First find the line with "Čo nestihnete alebo", then reproduce it and all following lines of the data to the end, exactly and with no pictures, adding nothing.

══ DATA EXTRACTS ══

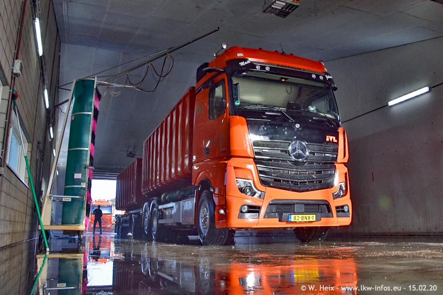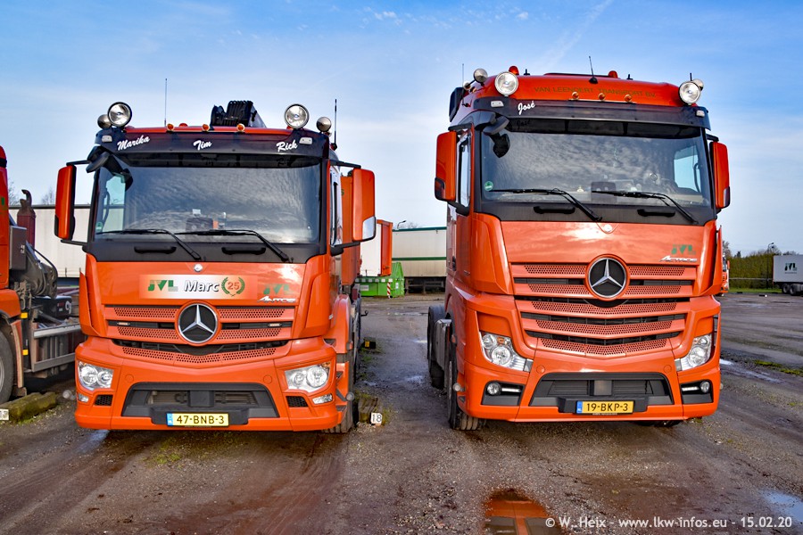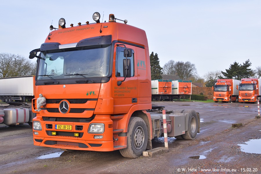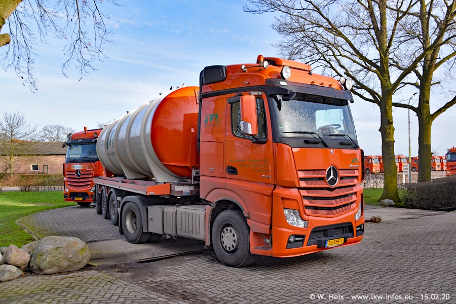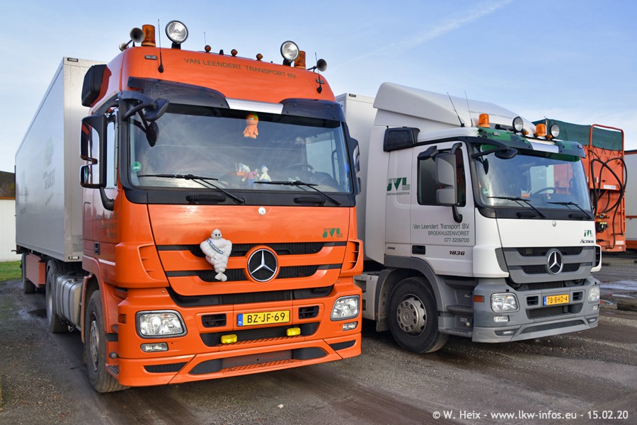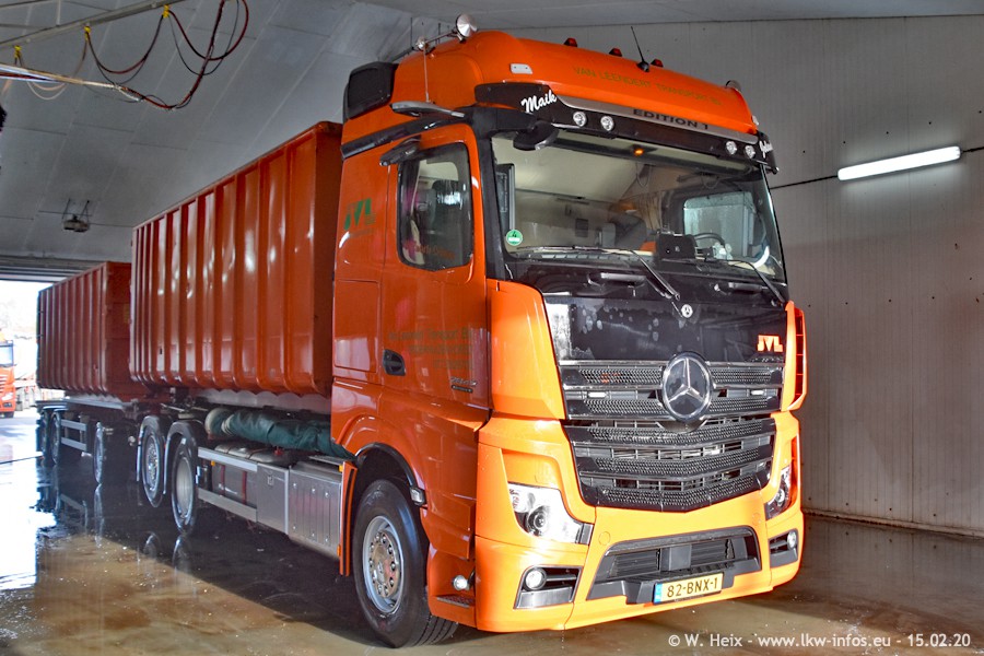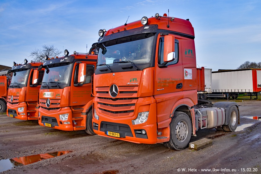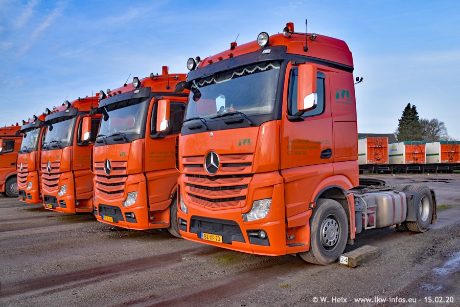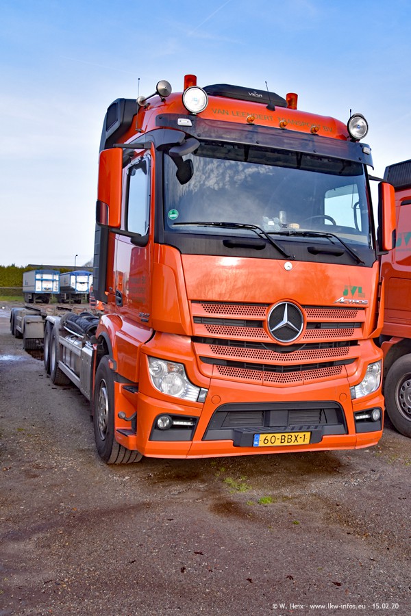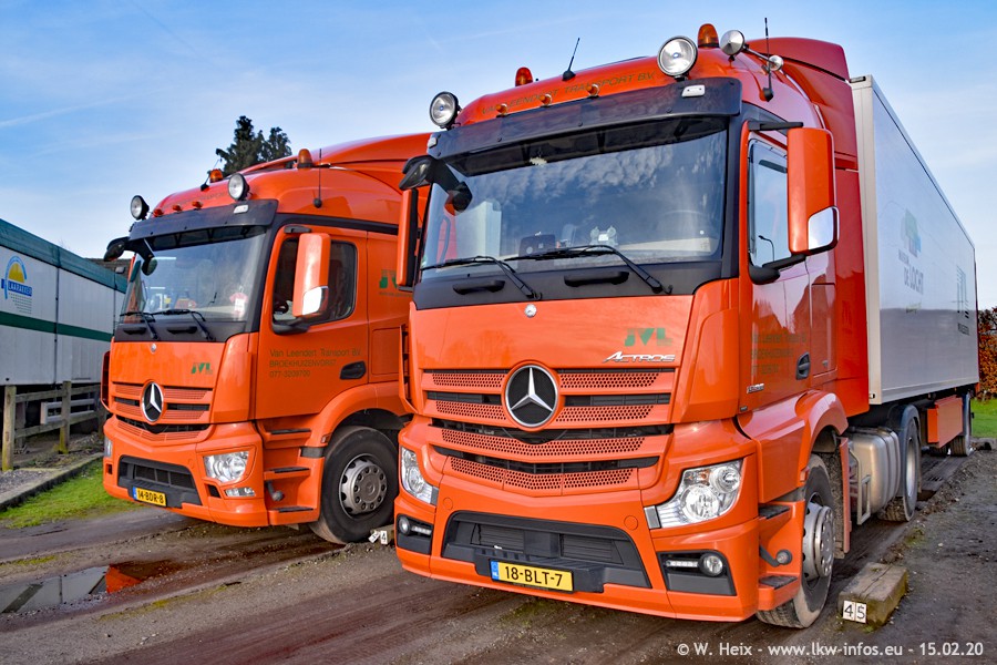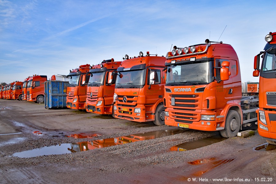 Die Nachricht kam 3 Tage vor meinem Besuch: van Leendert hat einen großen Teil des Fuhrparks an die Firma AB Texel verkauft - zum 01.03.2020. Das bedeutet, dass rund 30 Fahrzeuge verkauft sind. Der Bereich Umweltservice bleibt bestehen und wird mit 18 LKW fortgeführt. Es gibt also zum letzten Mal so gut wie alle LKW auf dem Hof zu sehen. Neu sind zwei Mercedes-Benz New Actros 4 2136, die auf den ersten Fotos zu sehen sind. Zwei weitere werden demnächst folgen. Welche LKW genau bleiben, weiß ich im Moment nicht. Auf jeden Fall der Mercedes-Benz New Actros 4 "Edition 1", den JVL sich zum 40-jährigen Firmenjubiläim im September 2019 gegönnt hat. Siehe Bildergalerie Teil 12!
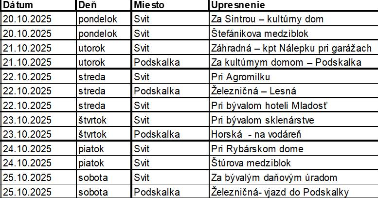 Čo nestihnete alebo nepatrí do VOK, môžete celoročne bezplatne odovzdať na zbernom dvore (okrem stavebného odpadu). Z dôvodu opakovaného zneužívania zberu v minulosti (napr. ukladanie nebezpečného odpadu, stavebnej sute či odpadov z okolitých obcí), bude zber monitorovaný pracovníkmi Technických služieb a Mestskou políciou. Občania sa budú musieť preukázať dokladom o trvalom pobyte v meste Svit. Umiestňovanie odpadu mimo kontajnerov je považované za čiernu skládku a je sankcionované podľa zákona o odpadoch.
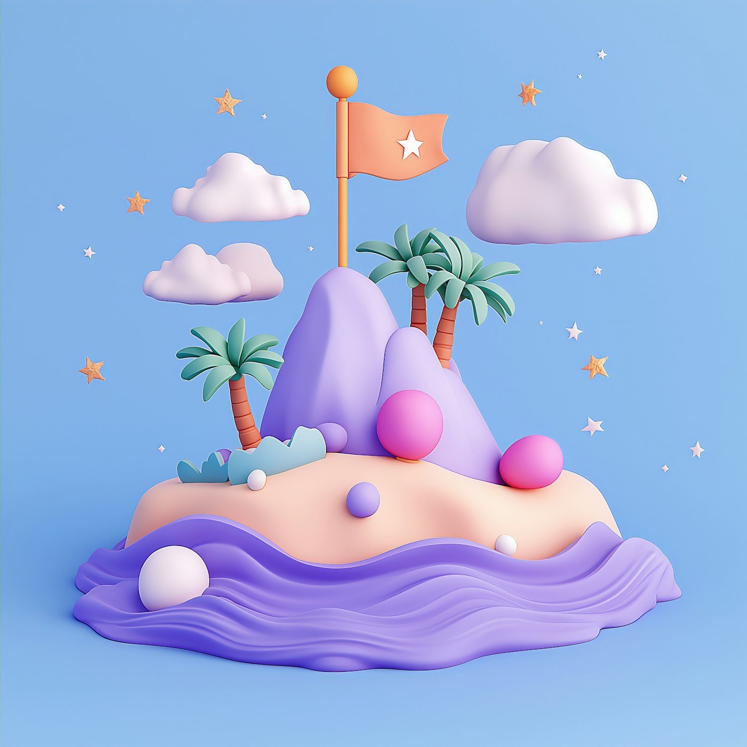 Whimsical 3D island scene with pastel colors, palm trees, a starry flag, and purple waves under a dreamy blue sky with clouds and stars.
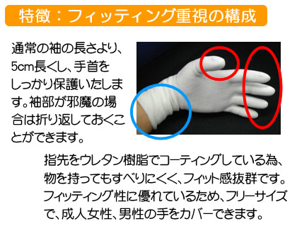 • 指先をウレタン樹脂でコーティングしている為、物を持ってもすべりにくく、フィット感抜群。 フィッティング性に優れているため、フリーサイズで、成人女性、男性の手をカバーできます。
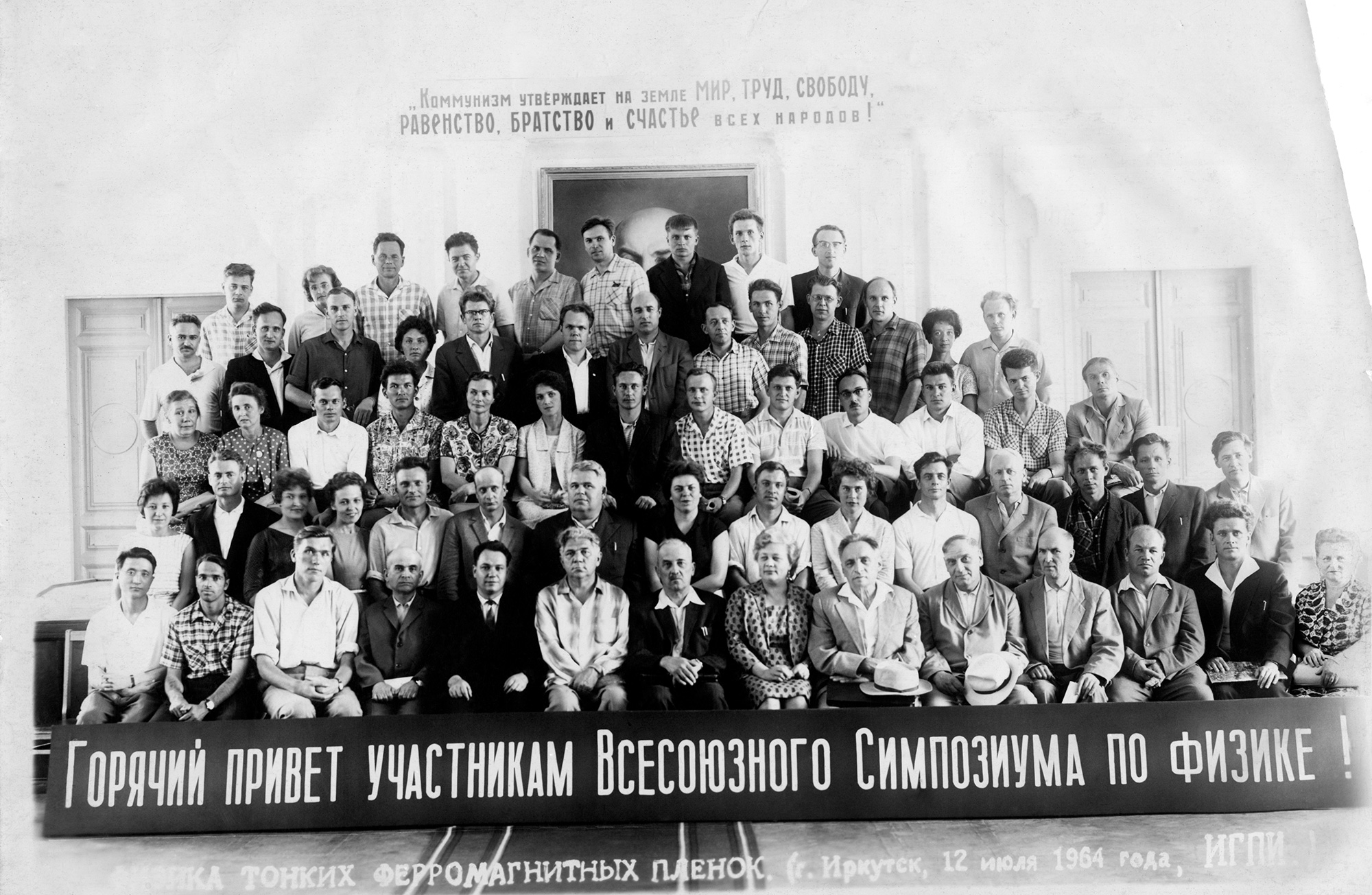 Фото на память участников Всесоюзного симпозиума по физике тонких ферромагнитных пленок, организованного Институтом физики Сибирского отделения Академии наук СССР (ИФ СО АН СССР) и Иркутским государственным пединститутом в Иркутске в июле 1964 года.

═══

▶ _WRITTEN ANSWER_
 Čo nestihnete alebo nepatrí do VOK, môžete celoročne bezplatne odovzdať na zbernom dvore (okrem stavebného odpadu). Z dôvodu opakovaného zneužívania zberu v minulosti (napr. ukladanie nebezpečného odpadu, stavebnej sute či odpadov z okolitých obcí), bude zber monitorovaný pracovníkmi Technických služieb a Mestskou políciou. Občania sa budú musieť preukázať dokladom o trvalom pobyte v meste Svit. Umiestňovanie odpadu mimo kontajnerov je považované za čiernu skládku a je sankcionované podľa zákona o odpadoch.
 Whimsical 3D island scene with pastel colors, palm trees, a starry flag, and purple waves under a dreamy blue sky with clouds and stars.
 • 指先をウレタン樹脂でコーティングしている為、物を持ってもすべりにくく、フィット感抜群。 フィッティング性に優れているため、フリーサイズで、成人女性、男性の手をカバーできます。
 Фото на память участников Всесоюзного симпозиума по физике тонких ферромагнитных пленок, организованного Институтом физики Сибирского отделения Академии наук СССР (ИФ СО АН СССР) и Иркутским государственным пединститутом в Иркутске в июле 1964 года.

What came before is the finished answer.